* The task: Please output exactly the lines below, starting at the line that has "所以會(huì)員等級(jí" and ending at the line that has "Alberta Premier Jason", both included; leave out all pictures and include nothing else.

* Provided information:
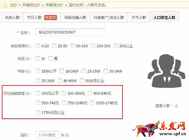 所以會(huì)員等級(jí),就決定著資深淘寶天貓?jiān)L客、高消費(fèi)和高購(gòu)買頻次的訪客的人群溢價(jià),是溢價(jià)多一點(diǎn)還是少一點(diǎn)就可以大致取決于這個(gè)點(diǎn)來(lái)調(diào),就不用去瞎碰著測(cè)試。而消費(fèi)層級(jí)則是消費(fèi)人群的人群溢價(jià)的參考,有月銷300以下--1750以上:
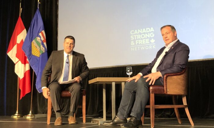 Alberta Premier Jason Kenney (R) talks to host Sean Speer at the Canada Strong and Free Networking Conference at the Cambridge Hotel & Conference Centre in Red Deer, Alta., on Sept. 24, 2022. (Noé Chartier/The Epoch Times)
* * *
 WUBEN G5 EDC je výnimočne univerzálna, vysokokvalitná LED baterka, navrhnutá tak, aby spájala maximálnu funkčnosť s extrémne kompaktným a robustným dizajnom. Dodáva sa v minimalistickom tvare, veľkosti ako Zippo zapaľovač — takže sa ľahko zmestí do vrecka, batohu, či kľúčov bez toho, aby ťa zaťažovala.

* Your response:
 所以會(huì)員等級(jí),就決定著資深淘寶天貓?jiān)L客、高消費(fèi)和高購(gòu)買頻次的訪客的人群溢價(jià),是溢價(jià)多一點(diǎn)還是少一點(diǎn)就可以大致取決于這個(gè)點(diǎn)來(lái)調(diào),就不用去瞎碰著測(cè)試。而消費(fèi)層級(jí)則是消費(fèi)人群的人群溢價(jià)的參考,有月銷300以下--1750以上:
 Alberta Premier Jason Kenney (R) talks to host Sean Speer at the Canada Strong and Free Networking Conference at the Cambridge Hotel & Conference Centre in Red Deer, Alta., on Sept. 24, 2022. (Noé Chartier/The Epoch Times)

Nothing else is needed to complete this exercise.